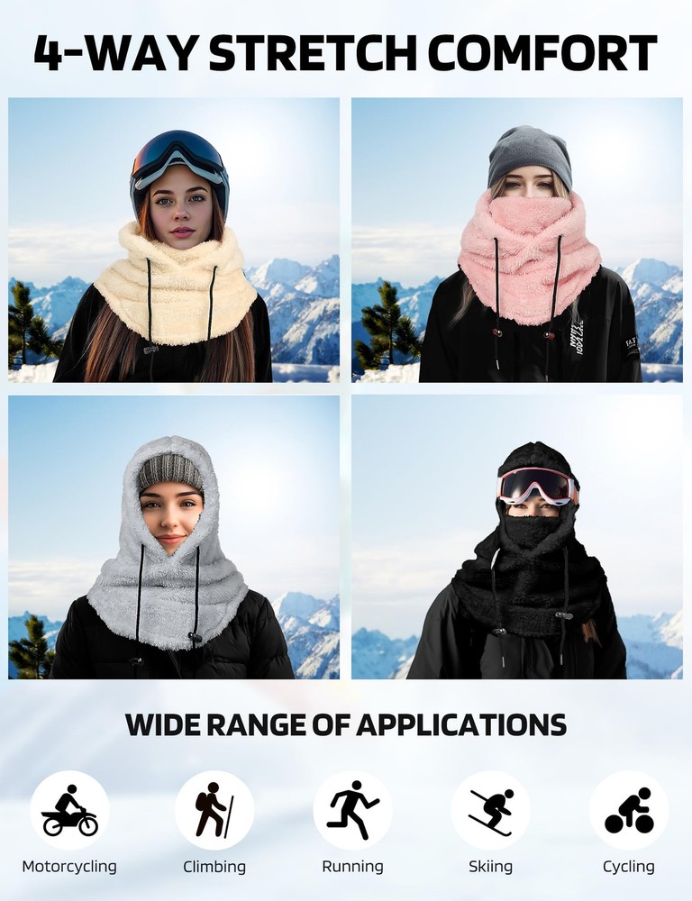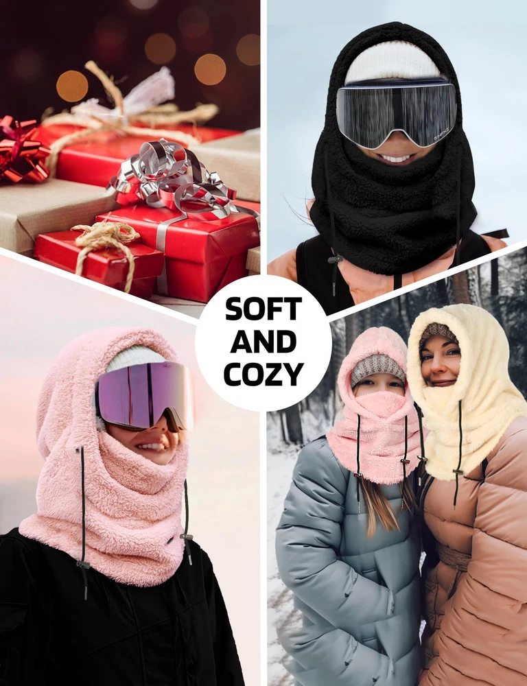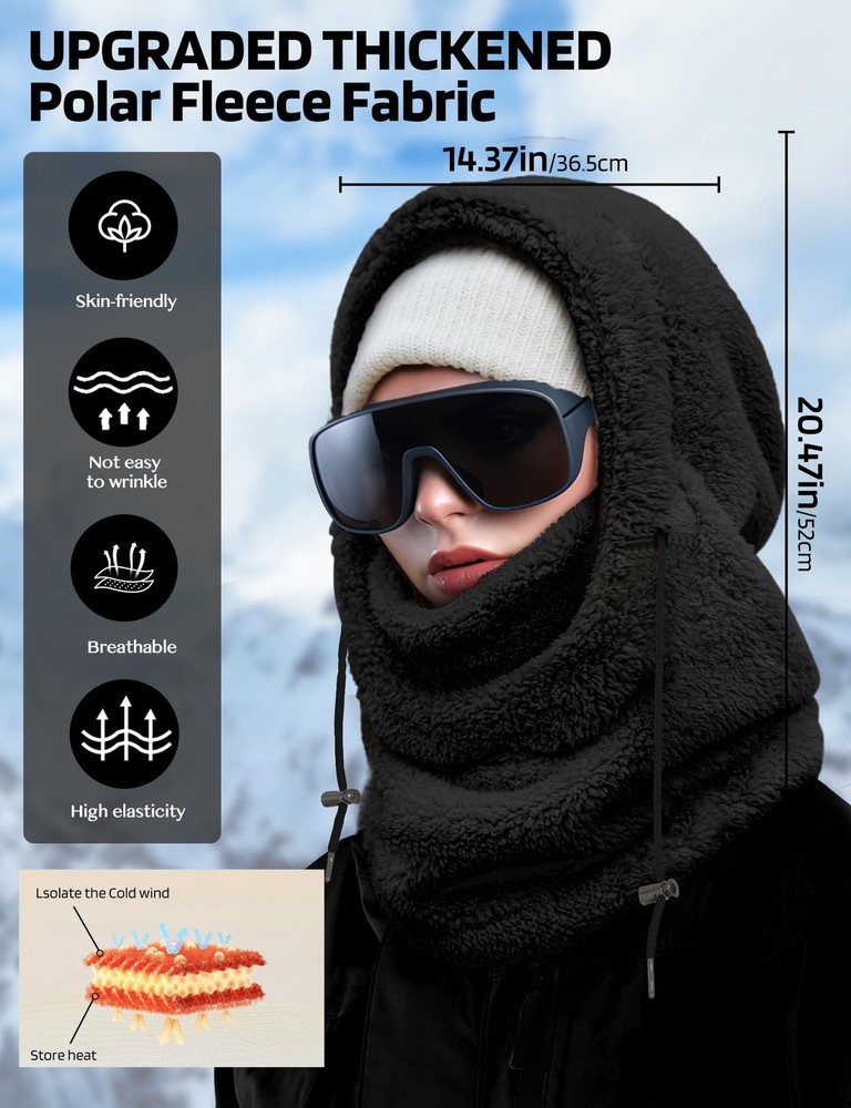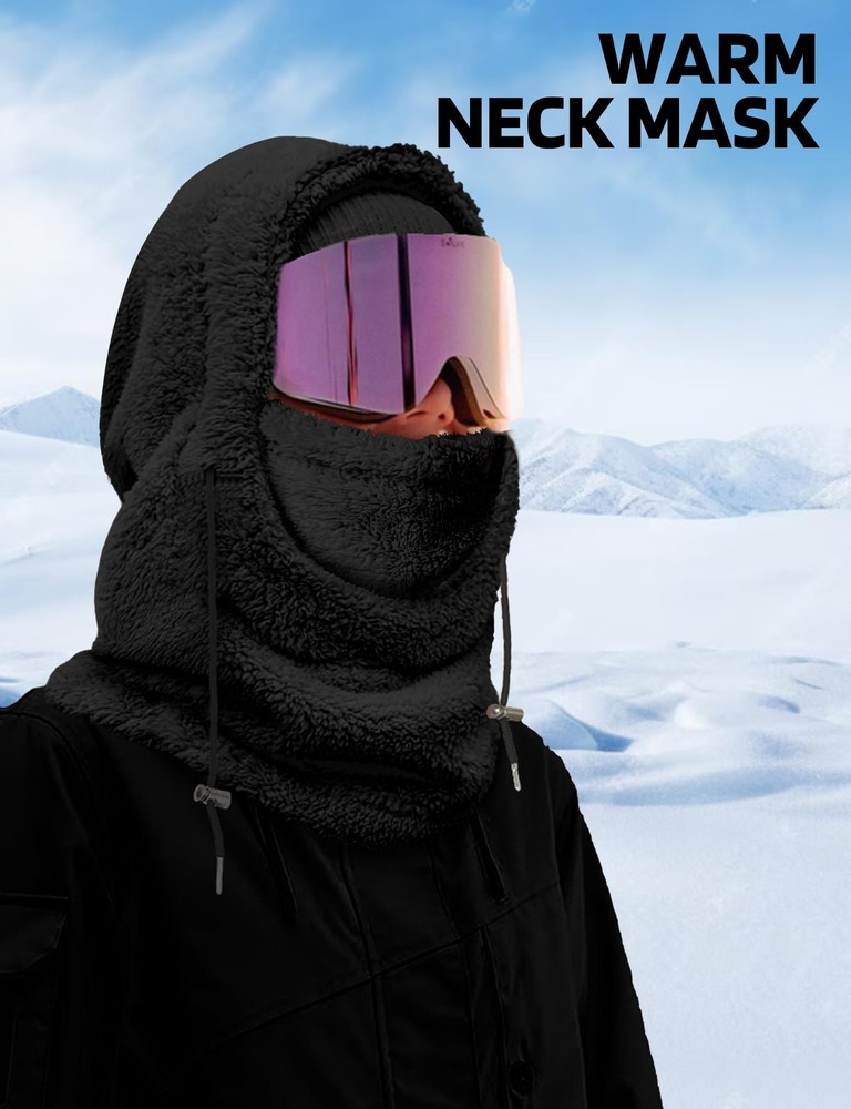 Soft Thick Fleece Lightweight and Cozy: Are you looking to keep your face warm while exploring the outdoors? This balaclava face mask is a good choice for you. This extremely lightweight Balaclava made of 100% fleece polyester fabric, cozy stretchable fleece, will keep you covered with comfortable, breathable material whenever you put it on, keeping you warm in cold weather conditions! Keep your nose, cheeks & most importantly neck toasty warm Warm and breathable Ski Mask Balaclava: The winter hat for women and men features adjustable black knit strings on both sides, allowing for a customized fit for your head and enhanced protection against wind and snow. The appropriate thickness and loose design of the Hood Scarf provide warmth without feeling constrained. The Neck Warmer comes with thicker fluff, effectively warming your neck and face. The slightly elastic design allows you to adjust the coverage on the face and neck Full Facial and Neck Protection: Ideal for various outdoor activities such as snowboarding, hiking, camping, skiing, motorcycling, running, cycling, snowmobiling, biking, trekking, mountain climbing and motorcycling. The multi-purpose face mask balaclava provides comprehensive facial and neck coverage throughout the year. Also handy to have during cold-weather outdoor activities where the wind might kick-up unexpectedly One Size Fits All: One size fits most. Suit for men and women. Adjustable design, so you don't have to worry about size. It can covers deep, down over your whole neck and some on your shoulders. The appropriate thickness and loose design of the Hood Scarf provide warmth without feeling constrained. Protect your face against cold wind and easily adjust the elastic cord on windy days. The Neck Warmer comes with thicker fluff, effectively warming your neck and face Versatile Usage Balaclava for Women: This fleece balaclava can be worn as a neck warmer, half mask or a full balaclava for the best cold weather protection. The material that covers the chin/mouth area can be pulled up to increase the facial coverage, or pulled down and tucked under the chin for eating, drinking, to allow air circulation, etc. Can be worn as full face mask or hat, open balaclava, neck gaiter or saharan Style & ninja hoodie Multiple ways to wear: Our winter face mask can be worn as an open or closed Balaclava hat, scarf, hat or mask, or you can lower your chin or use it as a neck strap to increase ventilation. It can be used alone or as an additional facial protection device under the helmet. The length of the neckline is extra long, so that you can stuff it into the jacket to prevent the wind from coming in
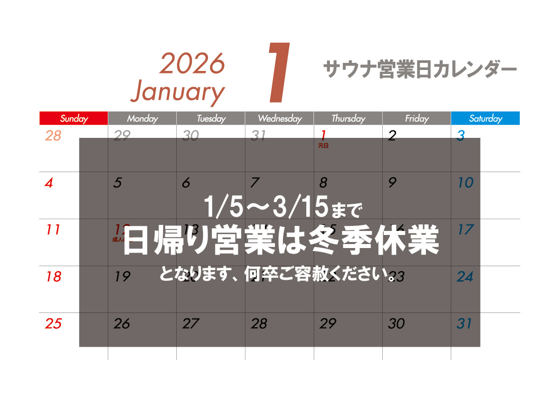お知らせ HOME > お知らせ > 日帰りサウナ 営業日カレンダー 日帰りサウナ 営業日カレンダー 2025-01-11 お知らせ 日帰りサウナの営業日は下記のカレンダーを御確認ください。 投稿ナビゲーション 次の記事
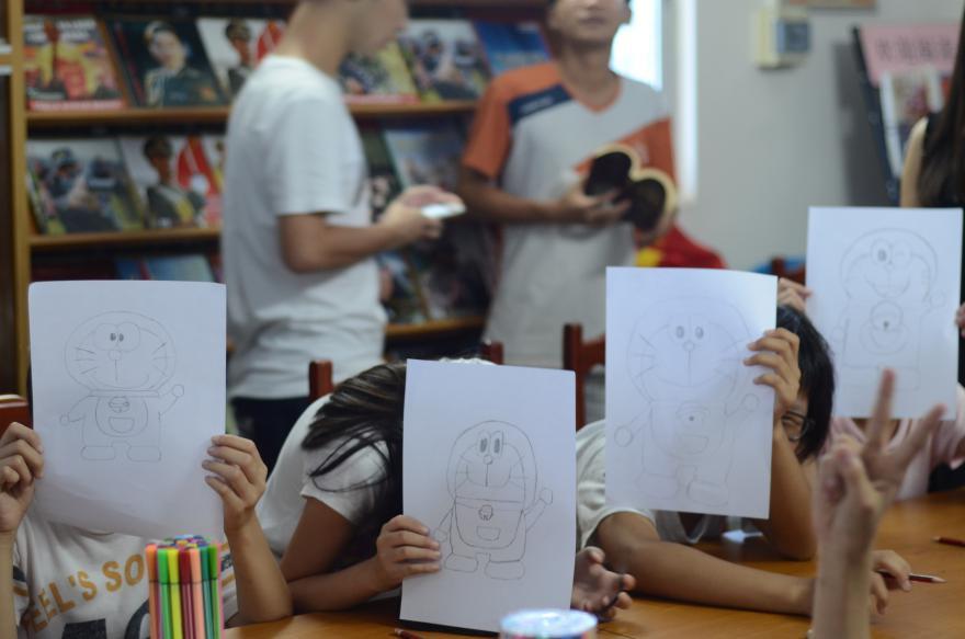 女孩子们喜欢细腻的有趣的游戏,队员们为此准备了萌萌哒的绘画教程,教给她们基本的绘画基础,将哆啦A梦、海绵宝宝、小黄人等深受喜爱的动漫形象以简单的轮廓组合起来,再稍加修饰、修改,萌萌哒的形象就出现在各位小同学的画纸上。
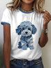 Women's Cute Dog Denim Patchwork Art T-shirt
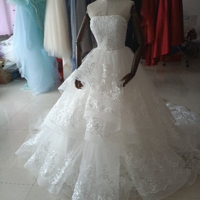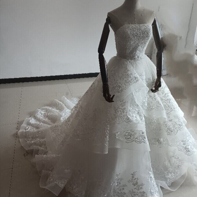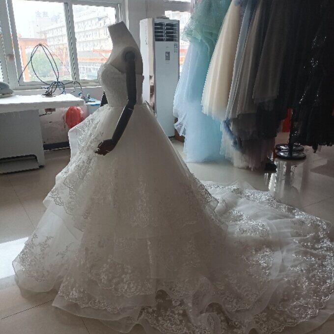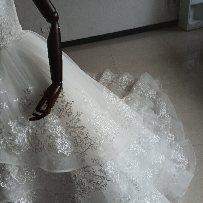 豪華!オフホワイト ウエディングドレス 華やかなトレーン 繊細レース 結婚式/披露宴
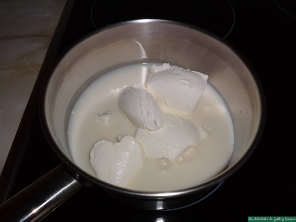 Pondremos en un cazo el queso junto con la leche y encendemos el fuego. Mientras comienza a calentarse, en un vaso con agua fría sumergimos las hojas de gelatina para que vayan hidratándose.
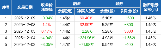 三态股份:融资净买入69.4万元,融资余额1.45亿元(12-09)
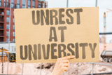 "Unrest at University" Tensions flare as protests erupt following campus shooting. UNREST. UNIVERSITY. PROTEST. VIOLENCE. STUDENTS. TRAGEDY. SOCIETY.
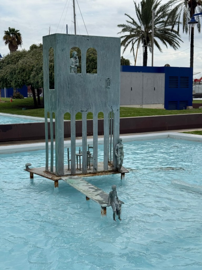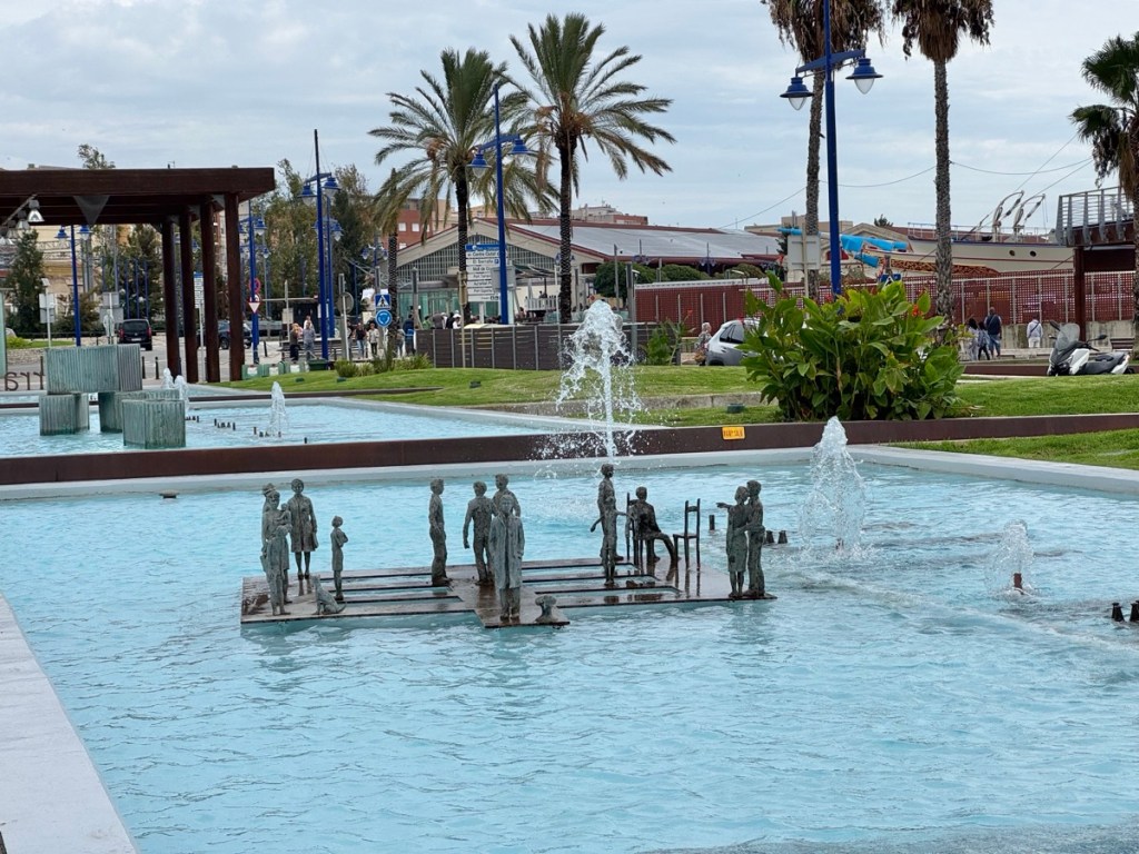 Fishing boats are moored beside the port next to the old fishermen’s neighbourhood, El Serrallo. The catch of the day is auctioned here in the afternoons, it is a popular area among locals who come to eat in the numerous fish restaurants. The fountains were full of miniature statues and some of the houses had large wall murals.
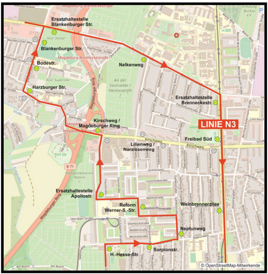 Die Nachtlinie N3 fährt eine Schleife nach Reform. Ab der Haltestelle Blankenburger Straße fahren die Busse vom Alten Markt kommend über die Brenneckestraße zum Freibad Süd und dann weiter planmäßig. Die Haltestellen in Lemsdorf werden somit erst auf dem Rückweg zum Alten Markt bedient.
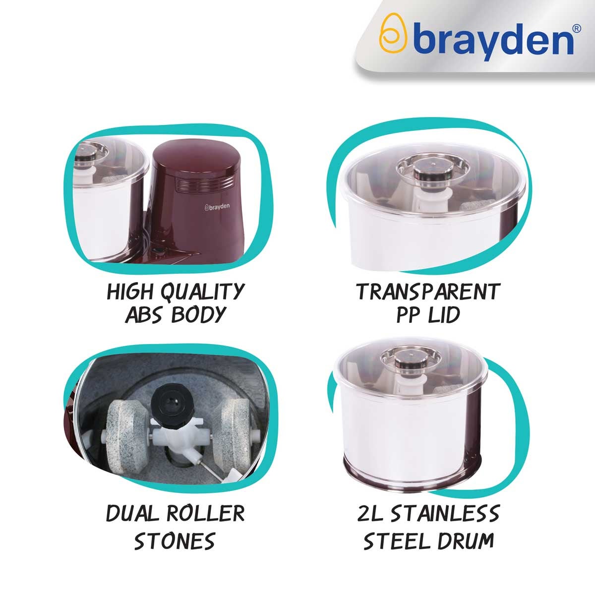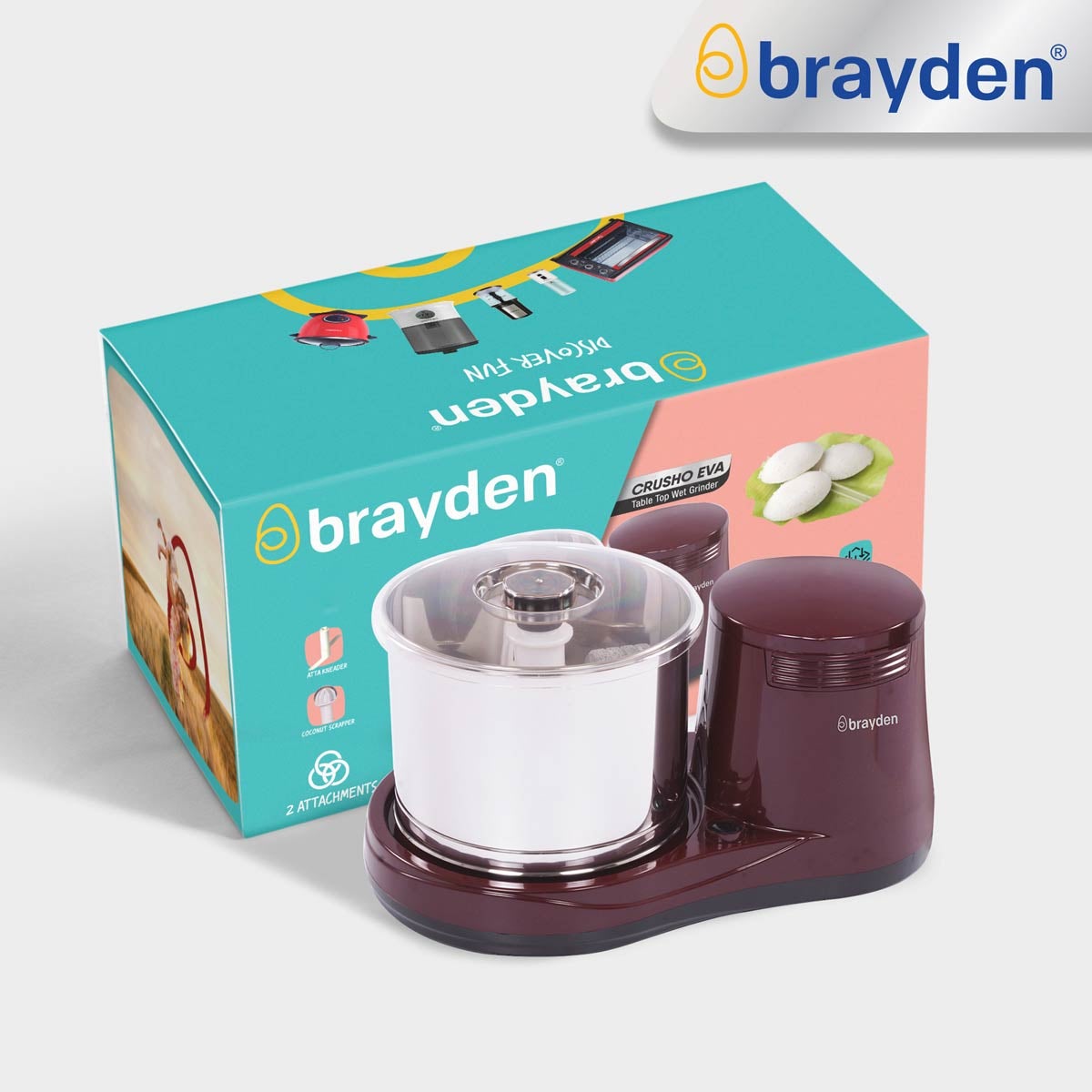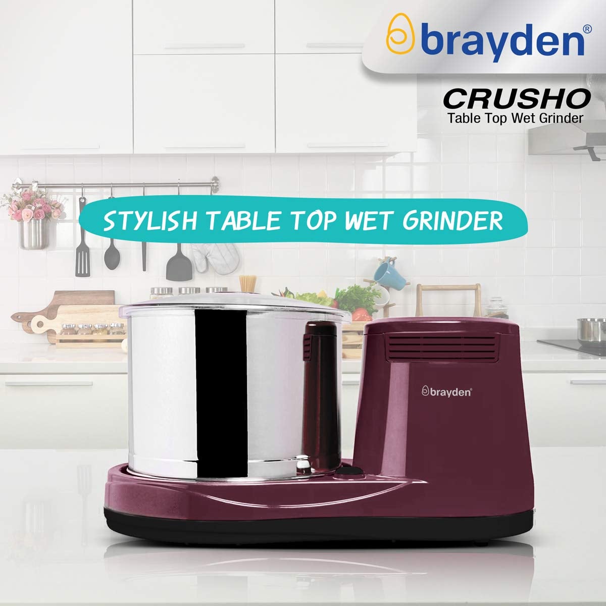 STRONG BODY: Stylish ABS body with compact design makes one pick Brayden crusho table top wet grinder for the kitchen. No doubt, it sufficiently grinds 2 Litre capacity rice/dal in just 20 minutes with 20mm stack.

════════

* **TASK DETAILS**
Hand back exactly the lines from the one with "STUDENTS. TRAGEDY. SOCIETY." through the last line of the data above, both ends included, with every picture left out.

* **RESULT OF THIS EXERCISE**
 "Unrest at University" Tensions flare as protests erupt following campus shooting. UNREST. UNIVERSITY. PROTEST. VIOLENCE. STUDENTS. TRAGEDY. SOCIETY.
 Fishing boats are moored beside the port next to the old fishermen’s neighbourhood, El Serrallo. The catch of the day is auctioned here in the afternoons, it is a popular area among locals who come to eat in the numerous fish restaurants. The fountains were full of miniature statues and some of the houses had large wall murals.
 Die Nachtlinie N3 fährt eine Schleife nach Reform. Ab der Haltestelle Blankenburger Straße fahren die Busse vom Alten Markt kommend über die Brenneckestraße zum Freibad Süd und dann weiter planmäßig. Die Haltestellen in Lemsdorf werden somit erst auf dem Rückweg zum Alten Markt bedient.
 STRONG BODY: Stylish ABS body with compact design makes one pick Brayden crusho table top wet grinder for the kitchen. No doubt, it sufficiently grinds 2 Litre capacity rice/dal in just 20 minutes with 20mm stack.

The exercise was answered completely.